29 Gennaio 2019

Servizi di investimento: focus della Cassazione

di Fabio Fiorucci, Avvocato Scarica in PDF

La recente sentenza della Cassazione n. 1460 del 2019 si segnala per l’esaustiva ricognizione di tematiche, già affrontate dai giudici di legittimità, concernenti i contratti di investimento e spesso al centro del contenzioso banca-investitore.

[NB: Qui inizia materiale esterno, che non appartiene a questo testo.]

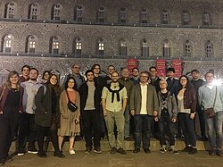 Giovanni Gherardi da Prato schildert in seinem Paradiso degli Alberti, wie Philosophen, Theologen und Naturwissenschaftler sich in einer florentinischen Villa treffen und beim verzaubernden Klang von Landinis Orgelspiel diskutieren. Bei der Exkursion nach Florenz vom 6. bis 11. Oktober 2019 machten sich Studentinnen und Studenten der Musikwissenschaft (Universität Würzburg) und der Gitarre (Hochschule für Musik Würzburg) unter der Leitung von Dr. Hansjörg Ewert und Prof. Jürgen Ruck auf, um solchen (und späteren) glanzvollen Zeiten nachzuspüren – eine Reise zu prunkvollen Palästen, mit bannender, mikrotonaler Musik im Handgepäck und mit einem dramatischen Sonnenaufgang bei der Abreise frühmorgens in Deutschland, der den angemessenen Auftakt für eine bunte Studienfahrt bildete.

Tra le questioni di interesse, si evidenziano, in particolare, le seguenti:

– in tema di intermediazione mobiliare, l’intermediario finanziario, convenuto nel giudizio di risarcimento del danno per violazione degli obblighi informativi, non è esonerato dall’obbligo di valutare l’adeguatezza dell’operazione di investimento nel caso in cui l’investitore, nel contratto-quadro, si sia rifiutato di fornire le informazioni sui propri obiettivi di investimento e sulla propria propensione al rischio, nel qual caso l’intermediario deve comunque compiere quella valutazione, in base ai principi generali di correttezza e trasparenza, tenendo conto di tutte le notizie di cui egli sia in possesso (come, ad esempio, l’età, la professione, la presumibile propensione al rischio alla luce delle operazioni pregresse e abituali, la situazione di mercato);

– la valutazione dell’adeguatezza delle operazioni, ai sensi dell’art. 29 del Regolamento Consob n. 11522 del 1998, ha carattere relativo, implicando un confronto tra le caratteristiche intrinseche dell’investimento proposto (tipologia, oggetto, frequenza o dimensione), cui fa riferimento il primo comma, ed il profilo di rischio dell’investitore, richiamato dal secondo comma attraverso il rinvio all’art. 28, e può quindi condurre a ritenere adeguato anche un investimento rischioso, ove dalle informazioni acquisite in ordine all’esperienza dell’investitore, alla sua situazione finanziaria, ai suoi obiettivi d’investimento ed alla sua propensione al rischio emerga che la forma d’impiego prescelta, oltre ad apparire compatibile con i mezzi economici di cui egli dispone, corrisponda effettivamente ai suoi intendimenti, nell’ambito di una scelta «consapevole»;

– gli obblighi informativi posti a carico degli intermediari finanziari hanno ad oggetto, da un lato, l’acquisizione delle notizie necessarie per la ricostruzione del profilo di rischio dell’investitore (c.d. informazione passiva: art. 28, primo comma, lett. a, del Regolamento) e, dall’altro, la fornitura di informazioni adeguate sulla natura, sui rischi e sulle implicazioni della specifica operazione (c.d. informazione attiva: art. 28, secondo comma) e mirano a consentire all’intermediario d’individuare e proporre le forme d’investimento più appropriate al profilo dell’investitore, senza tuttavia dispensare quest’ultimo dall’onere di valutare autonomamente le soluzioni proposte, ma assicurando anzi che egli sia posto nelle condizioni migliori per effettuare una scelta «consapevole»;

– l’inadeguatezza dell’operazione comporta un alleggerimento dell’onere probatorio gravante sull’investitore, ai fini dell’esercizio dell’azione risarcitoria (non nel senso che il danno derivante dall’inadempimento degli obblighi informativi possa considerarsi in re ipsa, ma in quello, più limitato, di consentire l’accertamento, in via presuntiva, del nesso di causalità): anche in presenza di operazioni adeguate, la mancata fornitura di informazioni esaurienti ed appropriate in ordine alla tipologia ed alle caratteristiche dell’impiego suggerito costituisce un indice dell’avvenuta effettuazione di una scelta non consapevole da parte dell’investitore, i cui effetti pregiudizievoli non sono pertanto ascrivibili alla sua volontà;

– in tema di intermediazione finanziaria, la forma scritta è prevista dalla legge per il contratto quadro e non anche per i singoli ordini, a meno che non siano state le parti stesse a prevederla per la sua validità ai sensi dell’art. 1352 c.c., assumendo, in tale ultima ipotesi, la finalità di assicurare una maggiore ponderazione da parte dell’investitore, di garantire all’operatore la serietà di quell’ordine e di permettergli una più agevole prova della richiesta ricevuta, sicché l’intermediario può legittimamente rifiutare l’esecuzione di un ordine non impartito per iscritto e la nullità dello stesso, per carenza del requisito della forma scritta convenzionale, può essere fatta valere da entrambi i contraenti.